Exercise prompt: The answer is the full listing below, copied exactly, with its pictures omitted.

Data provided:
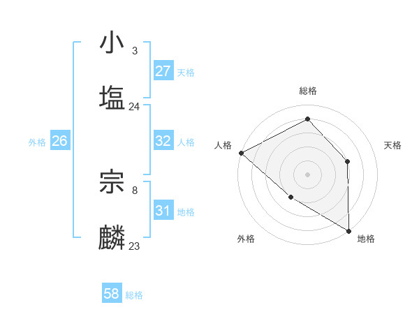 小塩 宗麟さんを姓名の画数から五運を鑑定
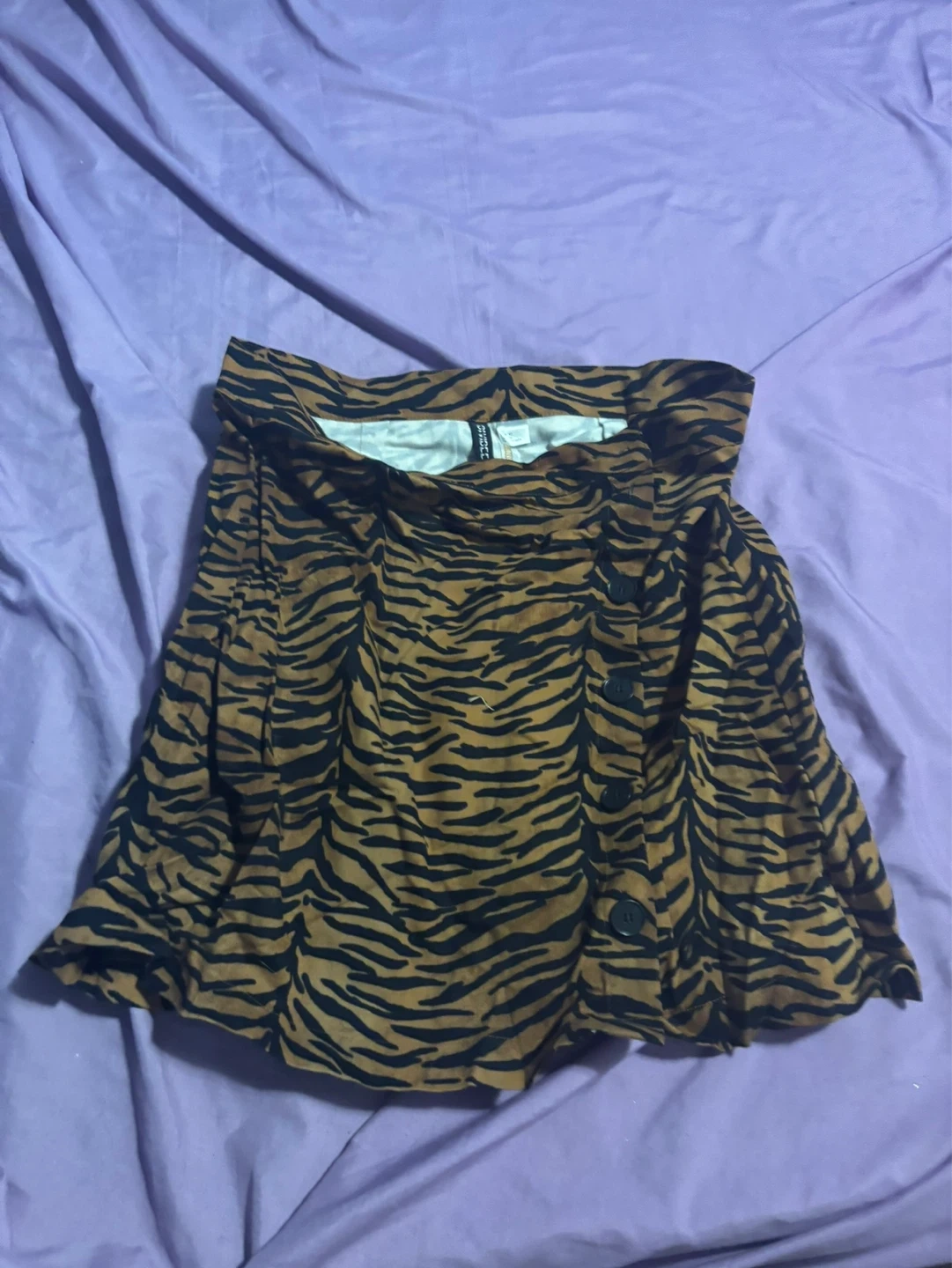 A stylish tiger print skirt from Divided. It features a button-up front and a comfortable fit. Size is 14.
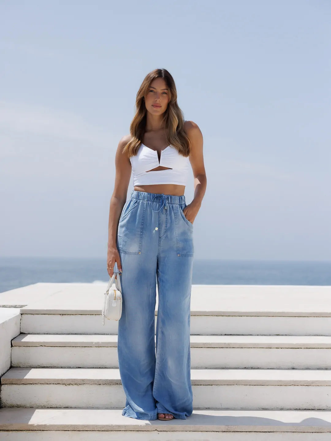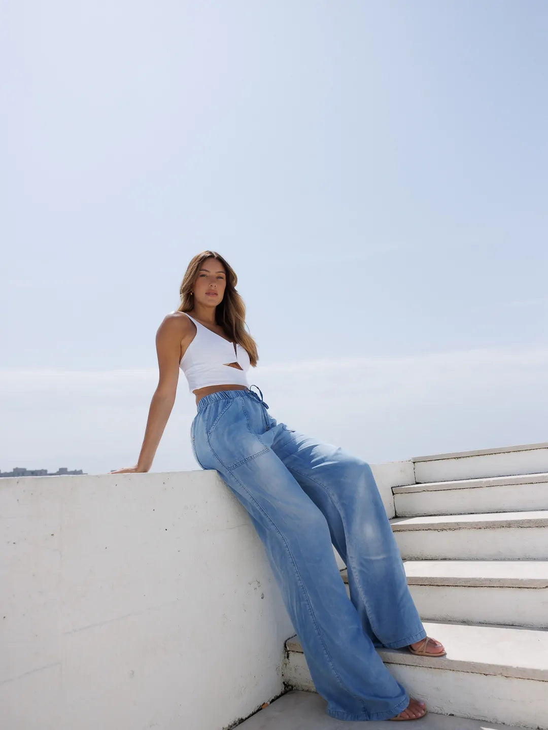 Calça de ganga azul efeito tensão com cintura subida e corte largo. Aperta na cinta com um cordão e terminais metálicos personalizados. Detalhe de bolsos frontais com rebites personalizados.
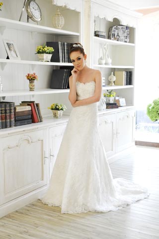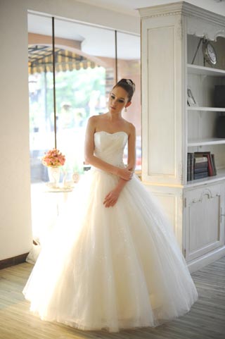 Gaun pengantin bentuk A-line model straples berhiaskan butiran-butiran swarovsky di bagian dadanya. Gaun dengan ‘chapel train’ banyak diminati calon pengantin karena relatif mudah diatur ketika berjalan menuju altar atau pelaminan.

Answer:
 小塩 宗麟さんを姓名の画数から五運を鑑定
 A stylish tiger print skirt from Divided. It features a button-up front and a comfortable fit. Size is 14.
 Calça de ganga azul efeito tensão com cintura subida e corte largo. Aperta na cinta com um cordão e terminais metálicos personalizados. Detalhe de bolsos frontais com rebites personalizados.
 Gaun pengantin bentuk A-line model straples berhiaskan butiran-butiran swarovsky di bagian dadanya. Gaun dengan ‘chapel train’ banyak diminati calon pengantin karena relatif mudah diatur ketika berjalan menuju altar atau pelaminan.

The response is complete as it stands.